INPUT:

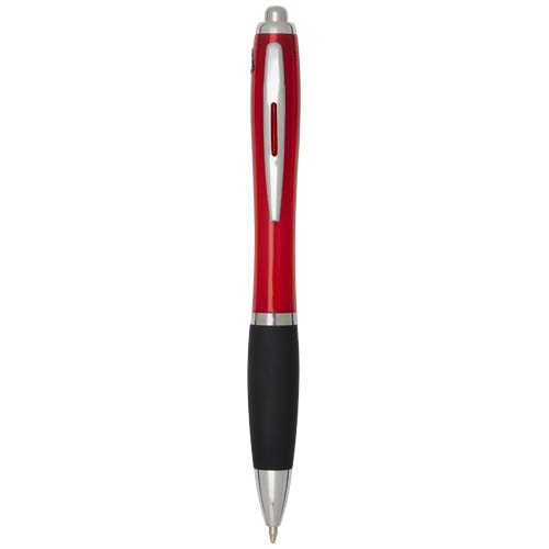 Długopis kulkowy Nash z tworzyw sztucznych pochodzących z recyklingu, z mechanizmem klikania, charakteryzuje się stylowym, zakrzywionym designem z przezroczystym, kolorowym korpusem, srebrnymi wykończeniami i czarnym, miękkim w dotyku uchwytem zapewniającym wygodę pisania. Wykonany z plastiku ABS pochodzącego z recyklingu z certyfikatem RCS, przyczynia się do ograniczenia zużycia surowców pierwotnych, zachowując jednocześnie trwałość. Z tyłu umieszczono logo rABS, podkreślając
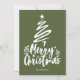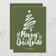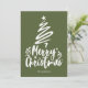 Feliz Natal na fonte decorativa com estilo de escrita com um esboço de uma árvore de Natal e estrela no design. Este cartão de Natal verde-oliva escura foi projetado para que você possa mudar a cor do fundo, dos gráficos e também digitar o nome da sua família.
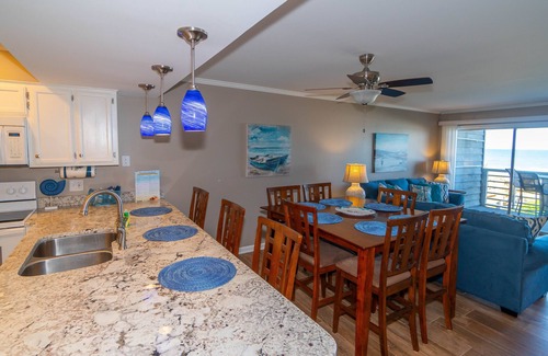 Surf Harbor 104 is a newly renovated three-bedroom, two-bathroom oceanfront condominium located on the first level for easy access and only 0.6 miles south of the Surfside Pier. This 1300 square foot unit has been professionally decorated and upgraded with luxurious granite countertops, new furnishings, ceramic tile, and flat-screen TVs in the living area and each bedroom. Enjoy your favorite meal around the gathering table that perfectly complements the unit and comfortably seats eight. Take in breathtaking ocean views from the living area, master bedroom, and furnished porches. Additional amenities include a wet bar and movie/game/puzzle library. Surf Harbor features parking for two vehicles, a gorgeous shared pool for you and your family to enjoy, and easy beach access.
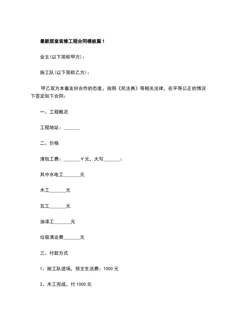 最新居室装修工程合同模板篇1
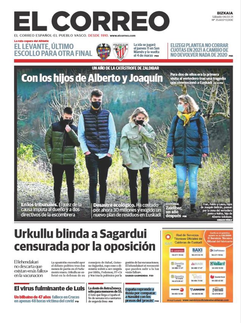 EL CORREO: "Con los hijos de Alberto y Joaquín. Un años de la catástrofe de Zaldibar. Para dos de ellos era la primera visita al vertedero tras una tragedia que conmocionó a Euskadi"; "Urkullu blinda a Sagardui censurada por la oposición"; "El virus fulminante de Luis. Un bilbaíno de 47 años fallece en Cruces en apenas 48 horas víctima del covid"; " La dosis de AstraZeneca sólo para menores de 55"; "España reprende a Rusia por comparar a Navalni con los presos del 'procés'".

YOUR ASSIGNMENT: Pictures do not belong in the copy. Reproduce the rest of the data exactly.

RESULT FOR THIS EXERCISE:
 Długopis kulkowy Nash z tworzyw sztucznych pochodzących z recyklingu, z mechanizmem klikania, charakteryzuje się stylowym, zakrzywionym designem z przezroczystym, kolorowym korpusem, srebrnymi wykończeniami i czarnym, miękkim w dotyku uchwytem zapewniającym wygodę pisania. Wykonany z plastiku ABS pochodzącego z recyklingu z certyfikatem RCS, przyczynia się do ograniczenia zużycia surowców pierwotnych, zachowując jednocześnie trwałość. Z tyłu umieszczono logo rABS, podkreślając
 Feliz Natal na fonte decorativa com estilo de escrita com um esboço de uma árvore de Natal e estrela no design. Este cartão de Natal verde-oliva escura foi projetado para que você possa mudar a cor do fundo, dos gráficos e também digitar o nome da sua família.
 Surf Harbor 104 is a newly renovated three-bedroom, two-bathroom oceanfront condominium located on the first level for easy access and only 0.6 miles south of the Surfside Pier. This 1300 square foot unit has been professionally decorated and upgraded with luxurious granite countertops, new furnishings, ceramic tile, and flat-screen TVs in the living area and each bedroom. Enjoy your favorite meal around the gathering table that perfectly complements the unit and comfortably seats eight. Take in breathtaking ocean views from the living area, master bedroom, and furnished porches. Additional amenities include a wet bar and movie/game/puzzle library. Surf Harbor features parking for two vehicles, a gorgeous shared pool for you and your family to enjoy, and easy beach access.
 最新居室装修工程合同模板篇1
 EL CORREO: "Con los hijos de Alberto y Joaquín. Un años de la catástrofe de Zaldibar. Para dos de ellos era la primera visita al vertedero tras una tragedia que conmocionó a Euskadi"; "Urkullu blinda a Sagardui censurada por la oposición"; "El virus fulminante de Luis. Un bilbaíno de 47 años fallece en Cruces en apenas 48 horas víctima del covid"; " La dosis de AstraZeneca sólo para menores de 55"; "España reprende a Rusia por comparar a Navalni con los presos del 'procés'".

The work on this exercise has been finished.